Users are completely irrelevant. It is logically impossible to ever prevent "leaks" that are just the storage of information. That isn't a leak, it is the intentional storage of information by the programmer. So it is a completely useless concept if that is what you want to use. It might be a useful concept in application user experience design or something but we are talking about programming languages.
On the other hand, "memory leaks" is a very useful concept if you use the actual definition because it is almost difficult to even conceive of a memory management strategy that isn't concerned with preventing memory leaks (proper). The "short lived program; free nothing" strategy is the only one I can think of, a degenerate case.
>More importantly as has been pointed out numerous times to you, memory safety is a technical term of art in the field (unlike memory leaks) that specifically is defined as the issues safe Rust prevents
No, it isn't! That is the definition that Rust people choose to use, which nobody used before 2015ish and is only widely used because Rust captured mindshare. It isn't some definition that predated Rust and which Rust magically fell right into.
Go back and look at mailing list threads, forum posts, papers, anything before Rust tried to steal the term "safety". It referred (and properly still refers) to programs. When people complained about manual memory management, the big complaint was that big C++ GUI programs (in particular) leaked memory like sieves. Nobody was particularly concerned about data races except the people implementing concurrency primitives in standard libraries etc. C++ didn't even have a defined memory model or standard atomics. Everyone was relying on x86's strong memory model in code all over the place. The big concern was avoiding manual memory management, memory leaks, and data corruption.

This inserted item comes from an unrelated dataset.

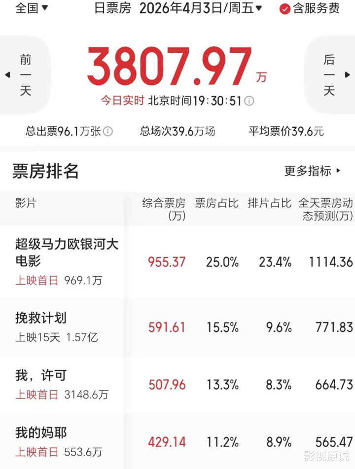 在《超级马力欧银河大电影》之后,则是《我,许可》和《我的妈耶》,它们现在各自的首日票房都还不到600万美元,整体显得很惨淡。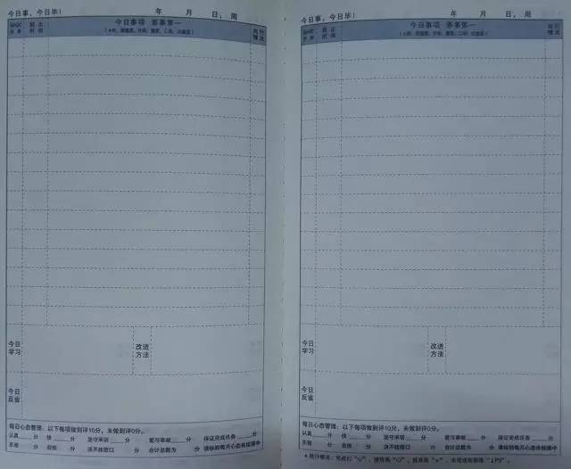 可以给每一天一个清晰的规划,知道每天的任务都有什么,不至于慌张、忙碌、错乱、迷茫。每日的反省也给了自己一个总结的机会,让自己清楚每天的不足在哪里,对自己的短板有了充分的了解,查漏补缺,才是我们真正实现蜕变的开始。

"Safe" didn't mean "has no data races but might have race conditions, has no use after free but might have memory leaks, and might have overflow bugs and SQL injections and improper HTML sanitisation". That would be a truly stupid definition. It meant "correct". The fanatical Rust community came along and tried to redefine "safe" to mean "the things we prevent". Rust's definition makes sense for Rust but it is Rust-specific because it is downstream of what Rust is capable of enforcing. Nobody would a priori come up with the particular subset of correctness properties that Rust happens to enforce and call them "safety". It is transparently a posteriori.
I believe the optimizer will do optimizations in response to the NonZero which can trigger UB if it does contain a 0, which is a traditional safety issue for Rust which can have no UB in safe code. But even the value being corrupt (ie NonZero returning 0) can cause memory safety issues. But yes, Rust also uses unsafe to bypass enforcing invariants, which std::mem::forget isn’t.
You were responding to my comment, which had scope broader than just leaking memory. So, to suggest it is only about leaking memory is not really responsive.